Television stations licensed in 1941 were crude, with low resolution pictures even compared to the 525-line, analog standard recently replaced. World War II stopped nearly all development, and only six stations were still broadcasting after the war.

The FCC completely revised the transmission system after the war with the introduction of electronic encoding. Yet, post-war confusion led to more delays as the FCC was inundated with new applications, and it was clear that the original very high frequency (VHF) band would not provide enough space.

Initially, television was broadcast in black-andwhite. In 1953, color was added to the existing (luminance) signal. This meant that color television transmissions were still compatible with black-and-white televisions. This ability to be compatible with previous technology is called reverse compatibility and can be a major advantage in the adoption of a new technology.

After granting 107 licenses with 700 more to process, the FCC initiated a freeze on television applications in 1948 (Whitehouse, 1986). Thus, from 1948 to 1952, there were only about 100 stations on the air nationally.

A second compatibility issue developed in 1952 when the freeze ended and the FCC formally accepted a plan to add ultra-high-frequency (UHF) television. Like VHF, UHF stations used six megahertz of bandwidth and encoded video using amplitude modulation (AM) and audio in frequency modulation (FM). However, because UHF transmitted on a higher frequency, existing television sets needed a second tuner for UHF, and new antennas were often needed. Since there were only 12 or 13 stops on a VHF dial each one clicked into place while the UHF dial had to be tuned more carefully.

UHF stations complained they were given a second-class status that was almost impossible to overcome as people were reluctant to spend the extra money and effort to get a fully compatible television. It was not until 1965 that the FCC issued a final all-channel receiver law, forcing television manufacturers to include a second tuner for UHF channels. Still, it would be many years more before UHF achieved near parody with VHF television.

A combination of factors, including the public’s interest in television, the FCC freeze on new stations, and the introduction of UHF television, created a market to augment television delivery. As discussed in Chapter 7, cable television’s introduction in 1949 brought video into homes as a replacement for personal antennas and simply relayed over-the-air broadcast stations. In the 1970s, cable introduced a variety of new channels and expanded home video capability.
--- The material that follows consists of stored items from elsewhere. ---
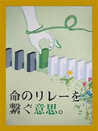 講評:命のリレーをドミノ倒しに例え、途切れないための緑の牌を臓器提供の意思としてグリーンリボンを巻いた手が優しく置いています。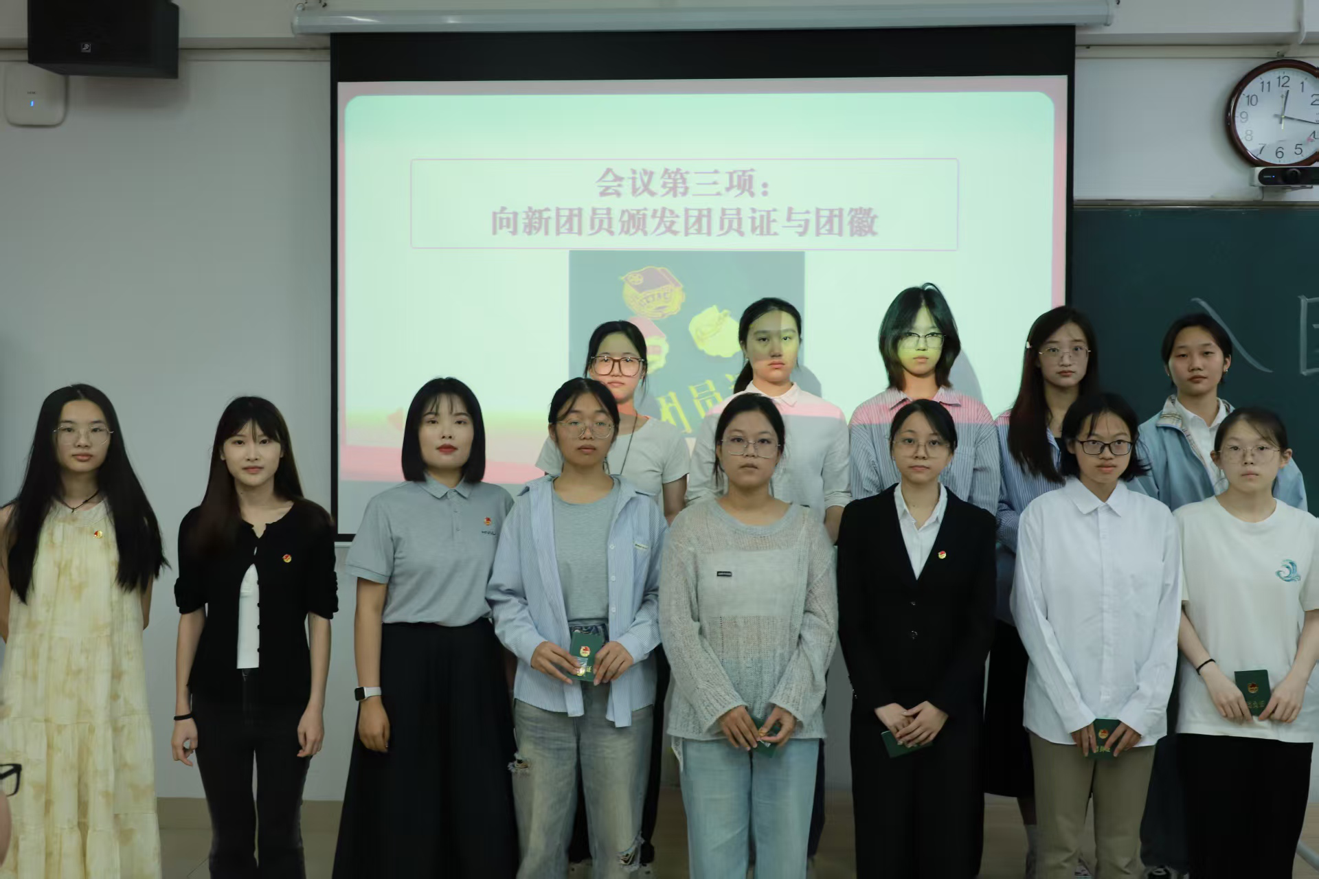 会议开始,到场人员全体起立奏唱国歌,随后张怡宁介绍入团仪式,宣读生科院2025新发展团员名单。新发展团员被授予团员证和团徽,并面向团旗进行入团宣誓。郑文妍作为新团员代表发言,表示自己将会履行团员的义务,学习知识,锤炼能力,培养理想信念,树立正确价值观,并愿意为共产主义事业奋斗终生。吴晴在讲话中表示,加入共青团是每一个年轻人的荣幸,她号召新时代青年在共青团中成长成才,同时希望每一位新团员铭记入团誓词,以实际行动践行团员的职责。随后全体起立奏唱团歌。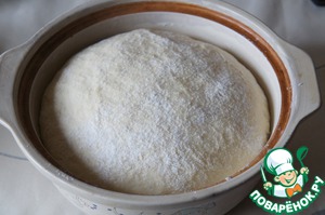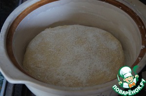 Скатать тесто в шар, положить в кастрюлю, припорошить мукой и поставить в теплое место на 1 час.
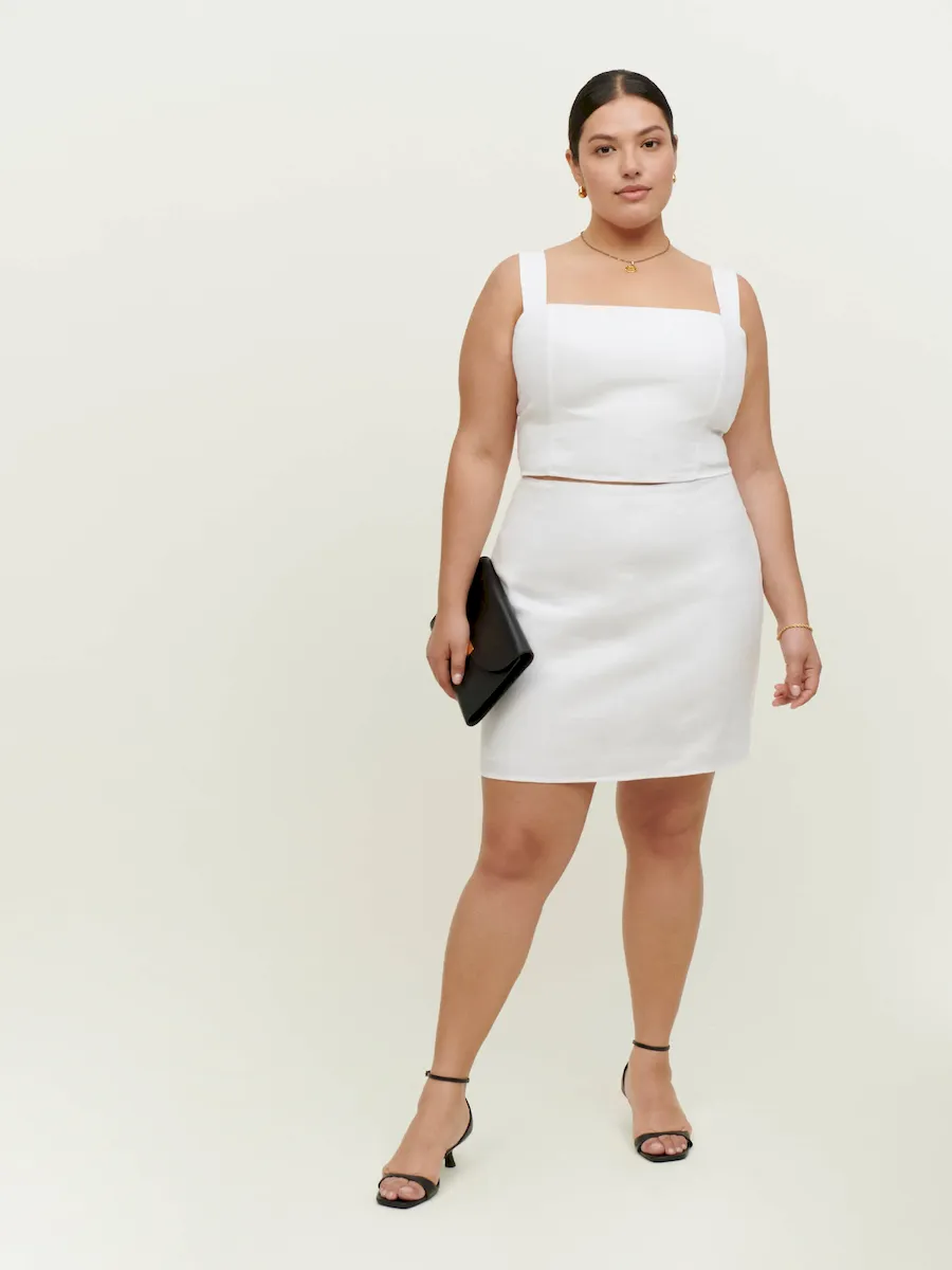 The model is wearing a size 14 and has a 35″ waist, 46″ hips.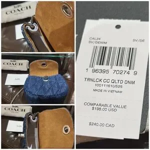 Authentic Coach Turnlock Card Case with Quilting & Silver-Toned Hardware, NWT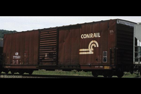Conrail 077520 is seen at East Conway, PA. Looks like the shop crew who re-numbered the car took the computer-generated 6-digit number a bit to.o literally. Car is ex CR 278857/PC 278857.
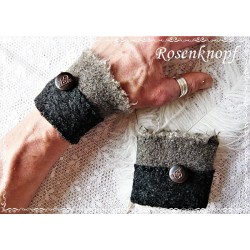 UNIKAT Herrenstulpen/Pulswärmer mit Sichtnaht, die aus hochwertigem Walk in Grau und Schwarz kombiniert wurden. Als kleiner Hingucker ist bei diesen Männerstulpen ein schlichter Knopf aufgenäht, der bei Nichtgefallen aber gerne abgetrennt werden kann.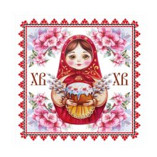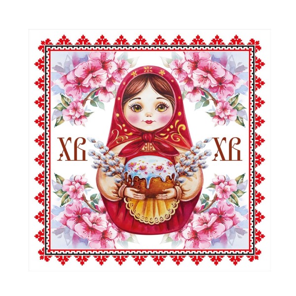 Салфетка пасхальная имеет надпись «ХВ» в обрамлении художественного узора. Она прекрасно украсит стол в день светлого праздника Пасхи или сможет стать прекрасным дополнением к пасхальному подарку.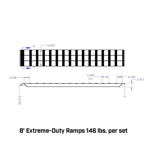 •8′ Ramps: 96″ Long x 15″ Wide x 3.5″ Thick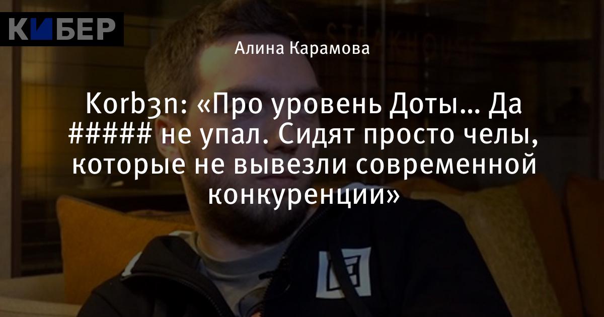 Korb3n: «Про уровень Доты… Да ##### не упал. Сидят просто челы, которые не вывезли современной конкуренции»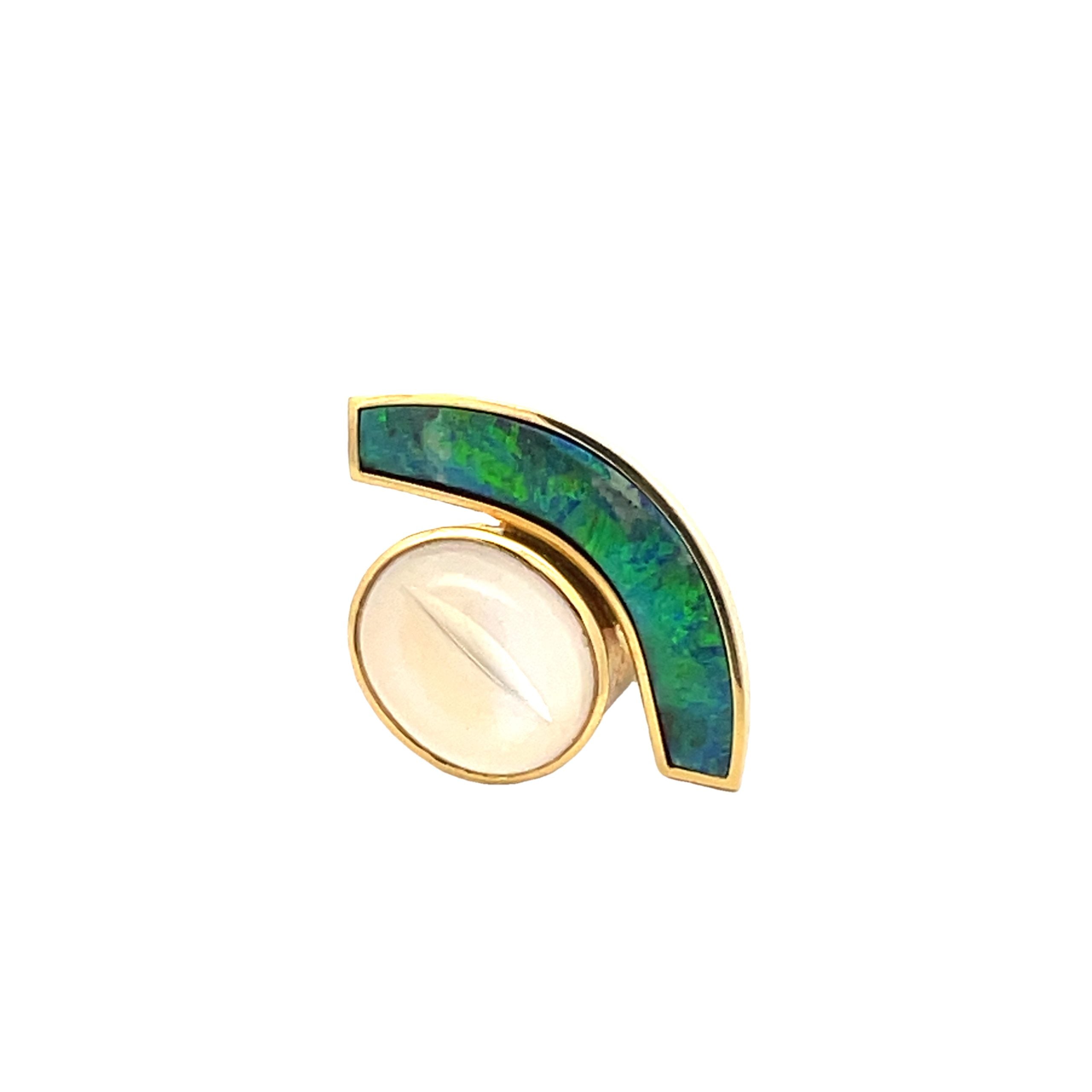 Magnificent boulder opal, 4.68 carats, is cut in a crescent that wraps around a luminous 7.05 carat moonstone with a cat's eye facet by Tom Munsteiner. The ring measures 1" x 7/8" and is size 7.

An analysis of FCC data reveals that a total of 105 national and regional programming networks started operation prior to 1992. The Cable Television Consumer Protection and Competition Act of 1992 stimulated growth in multichannel services. From 1996 to 2014, the number of satellite-delivered programming networks increased from 145 to more than 900 (NCTA, 2015). Direct broadcast satelites (DBS) began to make serious inroads following the 1992 Cable Act and still exist today in the U.S. as DirecTV and DISH Network.

Recording

At first, television programs had to be either live or on film. In 1956, Ampex developed videotape technology that allowed recording of programs on magnitized tape. These first videotape recorders were about the size of a double home refrigerator, used two inch wide videotape, and noisy vacuum systems held the tape in place. An hour long tape could weigh 30 pounds.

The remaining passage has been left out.